Abstract
We describe the fabrication and characterisation of a capacitive pressure sensor formed by an ultra-thin graphene-polymer heterostructure membrane spanning a large array of micro-cavities each up to 30 μm in diameter with 100% yield. Sensors covering an area of just 1 mm2 show reproducible pressure transduction under static and dynamic loading up to pressures of 250 kPa. The measured capacitance change in response to pressure is in good agreement with calculations. Further, we demonstrate high-sensitivity pressure sensors by applying a novel strained membrane transfer and optimising the sensor architecture.
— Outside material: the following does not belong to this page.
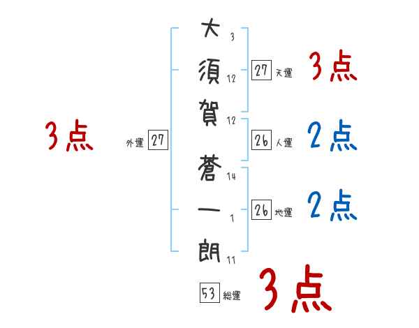総運![]() | 大須賀蒼一朗さんの総運は53画の3つ星!やや見栄っ張りで虚栄心がある。散財に注意。 あなたの人生を表す1番重要な運勢です。生涯を通じて影響する総合運となり、主に50歳以降の晩年期に影響を及ぼします。 |
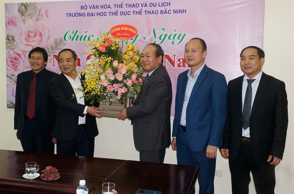 | Thứ trưởng Lê Quang Tùng chúc mừng thầy cô Trường Đại học Mỹ thuật Việt Nam Ảnh: TRẦN HUẤN Cùng ngày, Thứ trưởng Lê Quang Tùng đã đến chúc mừng các thầy, cô và cán bộ công nhân viên chức Trường Đại học Văn hoá Hà Nội và Trường Cao đẳng Du lịch Hà Nội nhân Ngày Nhà giáo Việt Nam. Thay mặt Bộ VHTTDL, Thứ trưởng Lê Quang Tùng đã gửi lời chúc mừng tốt đẹp nhất tới Ban giám hiệu và toàn thể cán bộ, thầy cô giáo của hai trường. Thứ trưởng đề nghị các trường cần tiếp tục quan tâm đến công tác nghiên cứu sâu các lĩnh vực thuộc Bộ và đẩy mạnh giao lưu, hợp tác quốc tế. Các trường cũng cần đặc biệt quan tâm đến đào tạo các ngành liên quan đến di sản văn hoá, gia đình học, quản lý văn hoá, văn học nghệ thuật, văn hoá các dân tộc thiểu số, và là cơ sở đào tạo nghề hàng đầu về du lịch của cả nước, cung cấp nguồn nhân lực cho ngành, đáp ứng được mức tăng trưởng trung bình 20-25%/ năm và nhu cầu phát triển vô cùng mạnh mẽ của ngành Du lịch thời gian tới. Trước đó, Thứ trưởng Lê Quang Tùng đã đến chúc mừng và tặng hoa các thầy cô Trường Đại học Mỹ thuật Việt Nam. THUÝ HÀ |

This method enables suspended structures with less than 50 nm of air dielectric gap, giving a pressure sensitivity of 123 aF Pa-1 mm-2 over a pressure range of 0 to 100 kPa.
Highlights
Capacitive pressure sensors are used for a broad range of applications due to their high pressure sensitivity, low temperature dependence and low power consumption.[1,2] A capacitive pressure sensor typically comprises a thin conductive membrane which is freely suspended above a fixed counterelectrode in a parallel plate geometry, where the space is filled with either air or a vacuum.[3]
Existing capacitive pressure sensors employ either siliconbased or polymer-based suspended membranes that are on the order of microns in thickness, requiring relatively large diameters of several 100s of microns and capacitor spacing below 1 μm in order to give a sufficiently high sensitivity.[3,5]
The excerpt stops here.